▶ [Source data]:
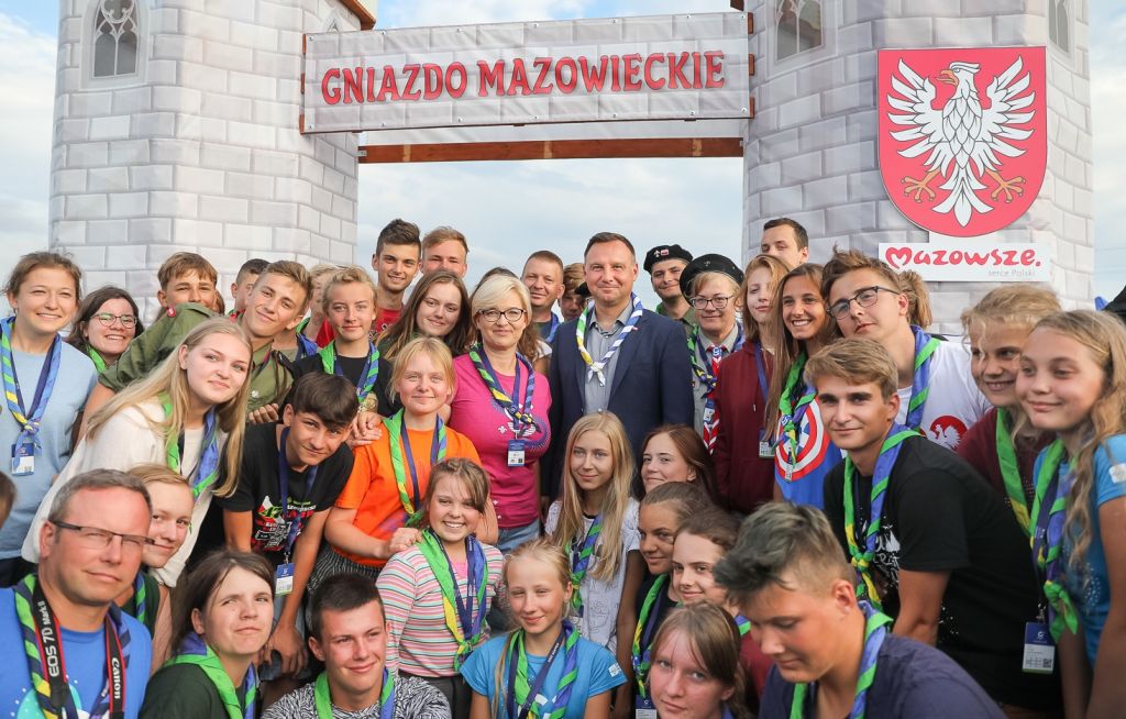 Były także momenty  nas zaskakujące i niespodziewane wizyty. Na Zlot zawitał  np.  Prezydent RP Andrzej Duda, który odwiedził wszystkie Chorągwie. Oczywiście Chorągiew Mazowiecka  też przywitała Pana Prezydenta przy swojej ładnej bramie.
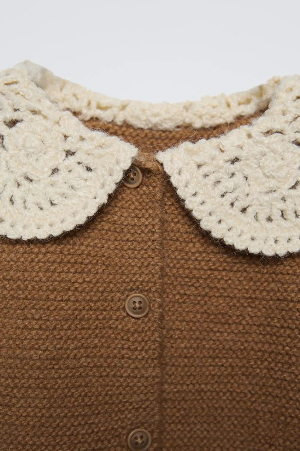 Chaqueta con cuello bobo en tejido crochet y manga larga. Cierre botonadura frontal.
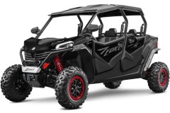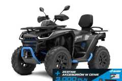 elektryczne wspomaganie kierownicy, elektryczna wyciągarka, siedzisko z oparciem, hak holowniczy, kompozytowe bagażniki z przodu i z tyłu, cyfrowy wielofunkcyjny wyświetlacz, oświetlenie Full-LED, przedni i tylny ochronny bumper, wzmocnienia ochraniające boki, 14" felgi aluminiowe z systemem Beadlock, 26" opony, w pełni regulowane amortyzatory z progresywnymi sprężynami, osłony dłoni, Smart Commanding System (SCS) + aplikacja mobilna Smart-Moving App.
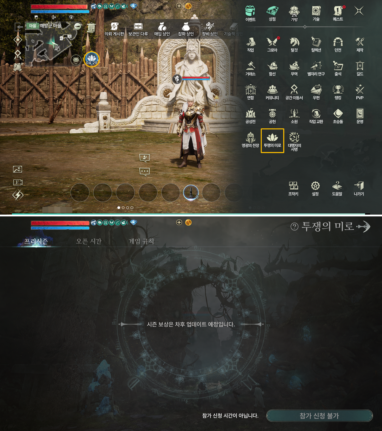 - 게임 내 [메뉴 - 투쟁의 미로] 입장 후 우측 하단에서 참가 신청을 먼저 진행합니다.
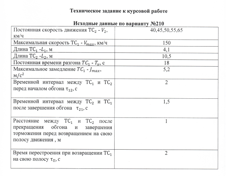 Курсовая работа: определение параметров завершенного и незавершенного обгона
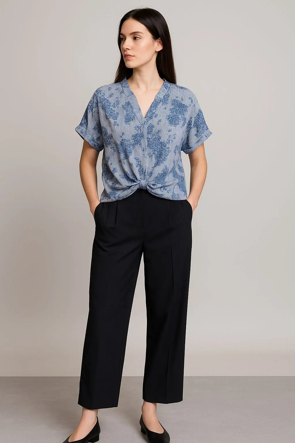 Camicia con manica kimono , abbottonatura e nodo frontali
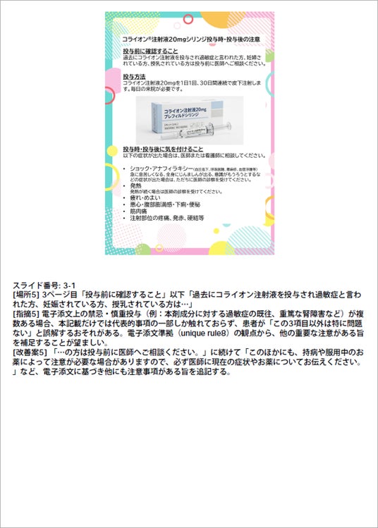 [指摘1] unique ruleの8に違反しています。電子添文の「8.1」には副作用として発熱が高頻度に認められる旨の記載はありますが、「37度以上」という具体的な基準値の記載はなく、電子添文の内容から逸脱しています。

▶ [Problem to work on]: Your answer should hold only the lines from the one with "- 게임 내 [메뉴 - 투쟁의" through the final line of the listing above, transcribed exactly and without pictures.

▶ [Expected output]:
 - 게임 내 [메뉴 - 투쟁의 미로] 입장 후 우측 하단에서 참가 신청을 먼저 진행합니다.
 Курсовая работа: определение параметров завершенного и незавершенного обгона
 Camicia con manica kimono , abbottonatura e nodo frontali
 [指摘1] unique ruleの8に違反しています。電子添文の「8.1」には副作用として発熱が高頻度に認められる旨の記載はありますが、「37度以上」という具体的な基準値の記載はなく、電子添文の内容から逸脱しています。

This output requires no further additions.